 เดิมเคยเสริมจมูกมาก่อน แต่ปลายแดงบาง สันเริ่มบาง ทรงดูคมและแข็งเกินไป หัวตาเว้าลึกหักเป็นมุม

...

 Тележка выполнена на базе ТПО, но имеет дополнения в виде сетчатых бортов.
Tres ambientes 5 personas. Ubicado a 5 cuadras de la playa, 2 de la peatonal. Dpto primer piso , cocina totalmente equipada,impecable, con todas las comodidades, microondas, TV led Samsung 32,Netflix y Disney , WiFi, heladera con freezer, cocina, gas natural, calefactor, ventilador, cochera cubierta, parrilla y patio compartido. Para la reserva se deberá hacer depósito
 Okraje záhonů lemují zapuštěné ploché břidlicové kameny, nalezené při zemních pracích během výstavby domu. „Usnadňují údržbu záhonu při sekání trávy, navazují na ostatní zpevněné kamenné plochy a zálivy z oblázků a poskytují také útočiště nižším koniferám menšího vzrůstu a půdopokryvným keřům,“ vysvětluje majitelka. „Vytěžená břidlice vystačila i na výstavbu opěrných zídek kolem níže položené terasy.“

==

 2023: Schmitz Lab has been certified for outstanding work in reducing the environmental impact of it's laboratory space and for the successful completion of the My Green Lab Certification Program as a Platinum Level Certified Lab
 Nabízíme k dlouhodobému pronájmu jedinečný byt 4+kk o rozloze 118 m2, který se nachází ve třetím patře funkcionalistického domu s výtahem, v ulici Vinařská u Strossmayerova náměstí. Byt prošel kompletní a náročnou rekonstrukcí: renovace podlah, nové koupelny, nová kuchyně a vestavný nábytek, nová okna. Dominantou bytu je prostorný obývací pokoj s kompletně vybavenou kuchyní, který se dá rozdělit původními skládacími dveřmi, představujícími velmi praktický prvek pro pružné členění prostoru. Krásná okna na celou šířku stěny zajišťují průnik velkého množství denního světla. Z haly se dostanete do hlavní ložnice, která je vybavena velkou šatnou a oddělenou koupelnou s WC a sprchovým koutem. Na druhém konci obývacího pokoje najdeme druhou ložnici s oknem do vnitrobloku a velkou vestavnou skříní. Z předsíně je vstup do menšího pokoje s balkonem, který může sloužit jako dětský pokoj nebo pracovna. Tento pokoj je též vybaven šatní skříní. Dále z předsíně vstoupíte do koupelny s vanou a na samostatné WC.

— Task description —
All that belongs in your answer is the stretch of entries above from the line with "2023: Schmitz Lab" through the line with "Nabízíme k dlouhodobému", printed exactly.

— Task result —
 2023: Schmitz Lab has been certified for outstanding work in reducing the environmental impact of it's laboratory space and for the successful completion of the My Green Lab Certification Program as a Platinum Level Certified Lab
 Nabízíme k dlouhodobému pronájmu jedinečný byt 4+kk o rozloze 118 m2, který se nachází ve třetím patře funkcionalistického domu s výtahem, v ulici Vinařská u Strossmayerova náměstí. Byt prošel kompletní a náročnou rekonstrukcí: renovace podlah, nové koupelny, nová kuchyně a vestavný nábytek, nová okna. Dominantou bytu je prostorný obývací pokoj s kompletně vybavenou kuchyní, který se dá rozdělit původními skládacími dveřmi, představujícími velmi praktický prvek pro pružné členění prostoru. Krásná okna na celou šířku stěny zajišťují průnik velkého množství denního světla. Z haly se dostanete do hlavní ložnice, která je vybavena velkou šatnou a oddělenou koupelnou s WC a sprchovým koutem. Na druhém konci obývacího pokoje najdeme druhou ložnici s oknem do vnitrobloku a velkou vestavnou skříní. Z předsíně je vstup do menšího pokoje s balkonem, který může sloužit jako dětský pokoj nebo pracovna. Tento pokoj je též vybaven šatní skříní. Dále z předsíně vstoupíte do koupelny s vanou a na samostatné WC.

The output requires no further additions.